*** Material for this task ***

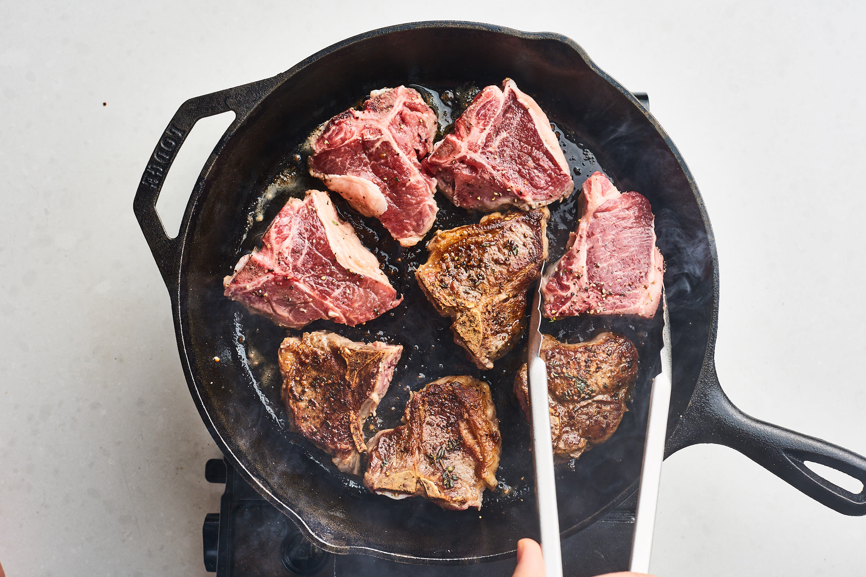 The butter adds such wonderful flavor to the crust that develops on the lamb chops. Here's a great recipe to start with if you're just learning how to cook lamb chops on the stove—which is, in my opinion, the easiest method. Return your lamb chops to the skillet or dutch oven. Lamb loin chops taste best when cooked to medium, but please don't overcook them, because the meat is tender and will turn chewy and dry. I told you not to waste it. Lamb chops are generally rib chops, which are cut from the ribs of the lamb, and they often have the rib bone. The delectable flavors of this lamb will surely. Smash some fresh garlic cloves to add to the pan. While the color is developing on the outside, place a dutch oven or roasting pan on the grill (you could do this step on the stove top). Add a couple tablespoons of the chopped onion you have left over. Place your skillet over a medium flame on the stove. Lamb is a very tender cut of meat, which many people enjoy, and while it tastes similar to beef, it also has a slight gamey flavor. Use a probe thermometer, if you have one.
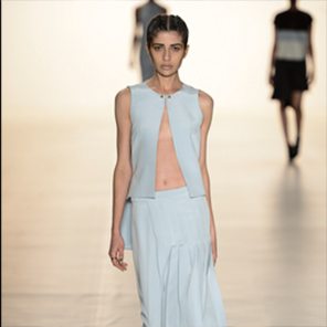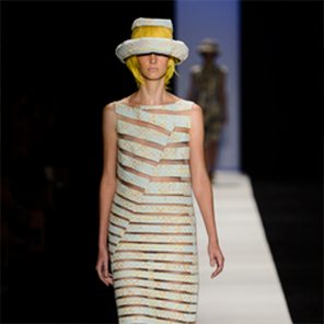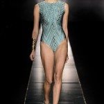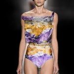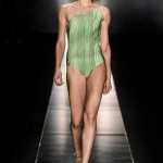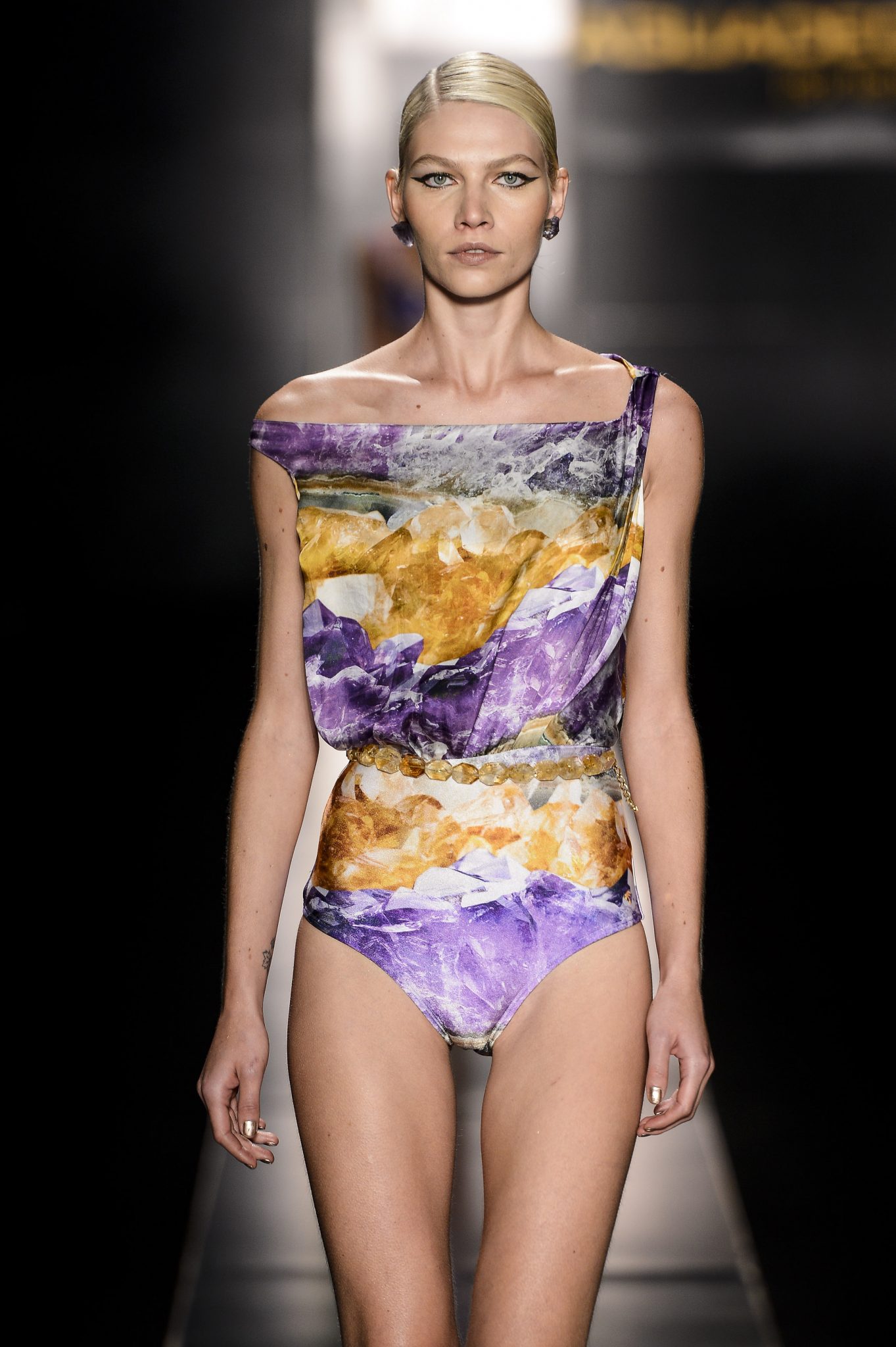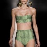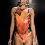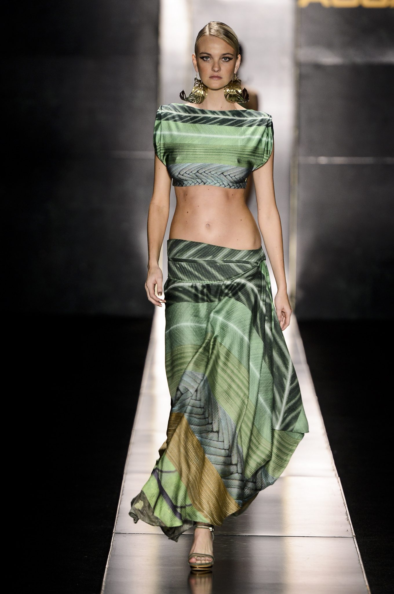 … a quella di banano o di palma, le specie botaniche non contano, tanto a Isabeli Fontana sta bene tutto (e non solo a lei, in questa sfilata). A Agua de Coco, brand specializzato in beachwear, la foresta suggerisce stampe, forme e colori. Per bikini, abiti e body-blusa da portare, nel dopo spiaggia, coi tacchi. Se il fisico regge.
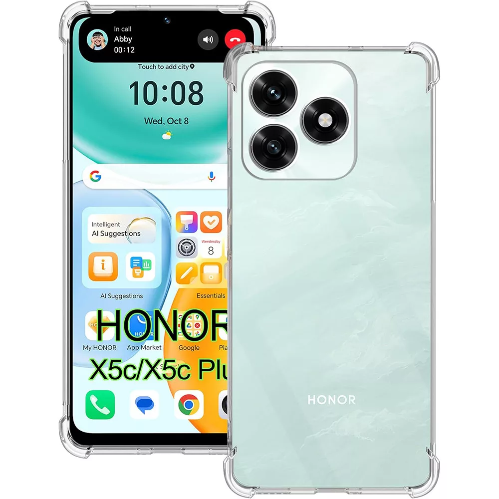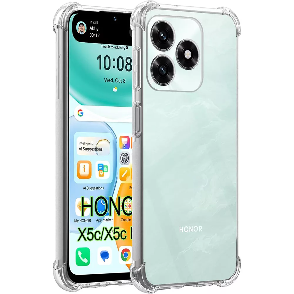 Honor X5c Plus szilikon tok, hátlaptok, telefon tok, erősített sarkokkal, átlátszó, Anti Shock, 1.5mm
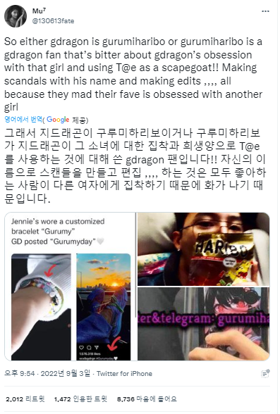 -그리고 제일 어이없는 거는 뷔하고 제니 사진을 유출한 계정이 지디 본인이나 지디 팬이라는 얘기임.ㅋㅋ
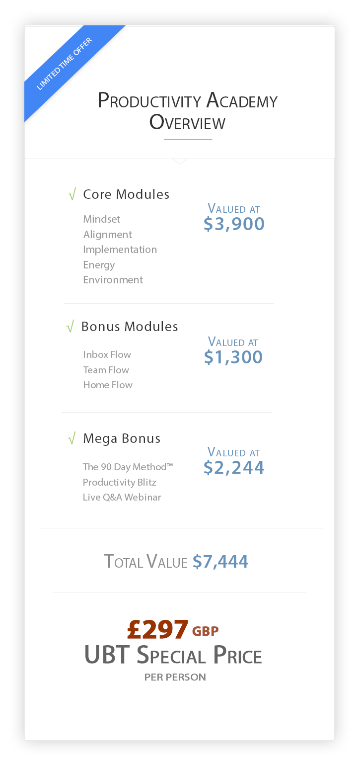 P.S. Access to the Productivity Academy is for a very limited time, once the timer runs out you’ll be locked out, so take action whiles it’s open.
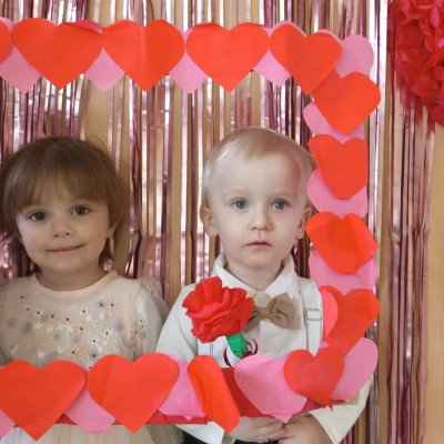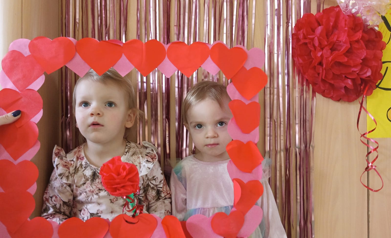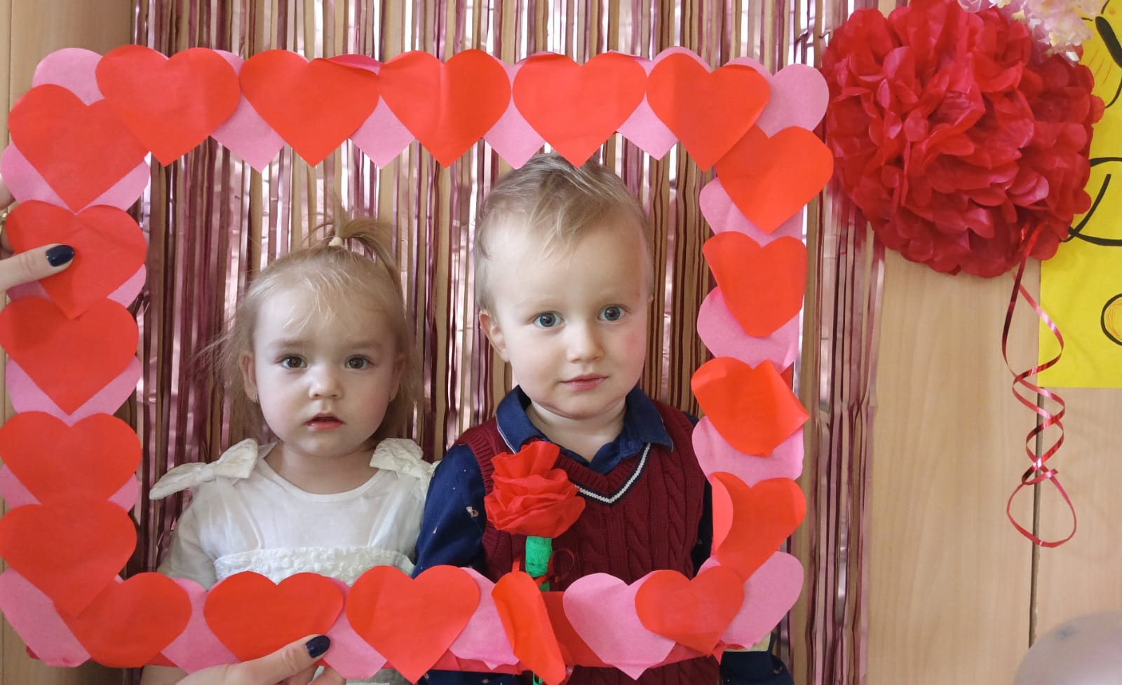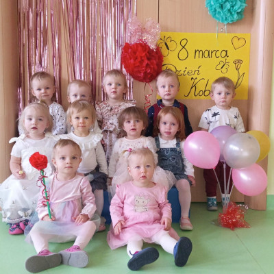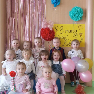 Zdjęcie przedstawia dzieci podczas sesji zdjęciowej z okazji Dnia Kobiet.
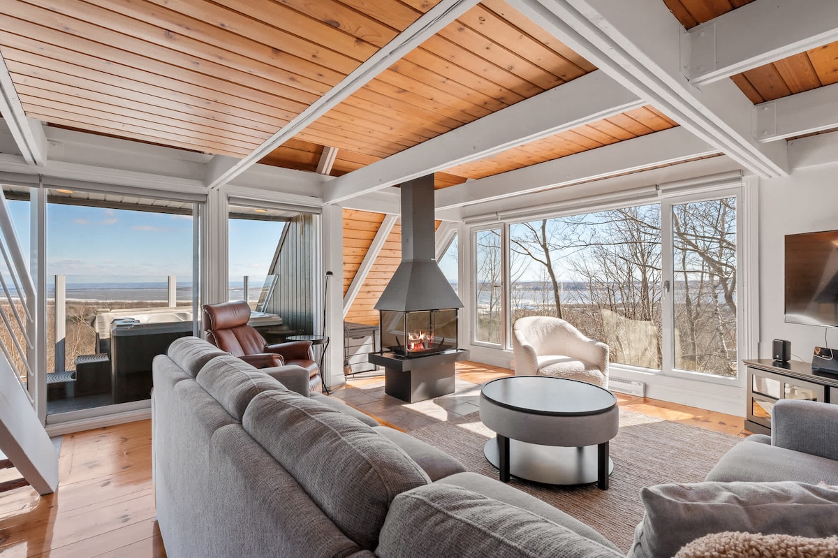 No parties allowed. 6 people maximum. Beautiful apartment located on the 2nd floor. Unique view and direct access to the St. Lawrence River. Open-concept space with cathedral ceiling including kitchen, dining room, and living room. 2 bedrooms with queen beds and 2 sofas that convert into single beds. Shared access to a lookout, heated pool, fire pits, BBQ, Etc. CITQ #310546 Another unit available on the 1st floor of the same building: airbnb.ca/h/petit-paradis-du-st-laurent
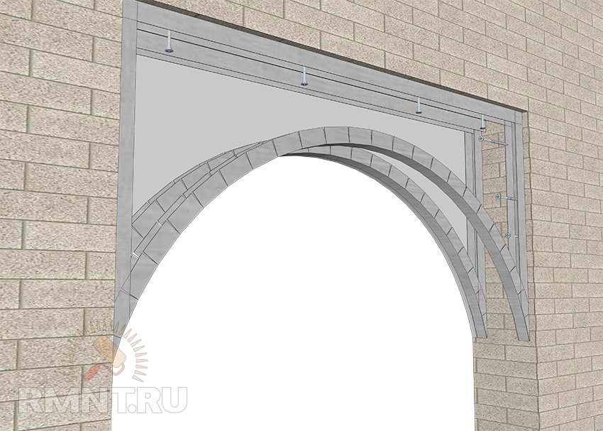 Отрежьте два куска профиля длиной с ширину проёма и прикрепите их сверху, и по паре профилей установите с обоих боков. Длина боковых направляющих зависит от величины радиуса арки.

***

Return the records above in their entirety, word for word, with the pictures removed.

*Completed task*:
 The butter adds such wonderful flavor to the crust that develops on the lamb chops. Here's a great recipe to start with if you're just learning how to cook lamb chops on the stove—which is, in my opinion, the easiest method. Return your lamb chops to the skillet or dutch oven. Lamb loin chops taste best when cooked to medium, but please don't overcook them, because the meat is tender and will turn chewy and dry. I told you not to waste it. Lamb chops are generally rib chops, which are cut from the ribs of the lamb, and they often have the rib bone. The delectable flavors of this lamb will surely. Smash some fresh garlic cloves to add to the pan. While the color is developing on the outside, place a dutch oven or roasting pan on the grill (you could do this step on the stove top). Add a couple tablespoons of the chopped onion you have left over. Place your skillet over a medium flame on the stove. Lamb is a very tender cut of meat, which many people enjoy, and while it tastes similar to beef, it also has a slight gamey flavor. Use a probe thermometer, if you have one.
 … a quella di banano o di palma, le specie botaniche non contano, tanto a Isabeli Fontana sta bene tutto (e non solo a lei, in questa sfilata). A Agua de Coco, brand specializzato in beachwear, la foresta suggerisce stampe, forme e colori. Per bikini, abiti e body-blusa da portare, nel dopo spiaggia, coi tacchi. Se il fisico regge.
 Honor X5c Plus szilikon tok, hátlaptok, telefon tok, erősített sarkokkal, átlátszó, Anti Shock, 1.5mm
 -그리고 제일 어이없는 거는 뷔하고 제니 사진을 유출한 계정이 지디 본인이나 지디 팬이라는 얘기임.ㅋㅋ
 P.S. Access to the Productivity Academy is for a very limited time, once the timer runs out you’ll be locked out, so take action whiles it’s open.
 Zdjęcie przedstawia dzieci podczas sesji zdjęciowej z okazji Dnia Kobiet.
 No parties allowed. 6 people maximum. Beautiful apartment located on the 2nd floor. Unique view and direct access to the St. Lawrence River. Open-concept space with cathedral ceiling including kitchen, dining room, and living room. 2 bedrooms with queen beds and 2 sofas that convert into single beds. Shared access to a lookout, heated pool, fire pits, BBQ, Etc. CITQ #310546 Another unit available on the 1st floor of the same building: airbnb.ca/h/petit-paradis-du-st-laurent
 Отрежьте два куска профиля длиной с ширину проёма и прикрепите их сверху, и по паре профилей установите с обоих боков. Длина боковых направляющих зависит от величины радиуса арки.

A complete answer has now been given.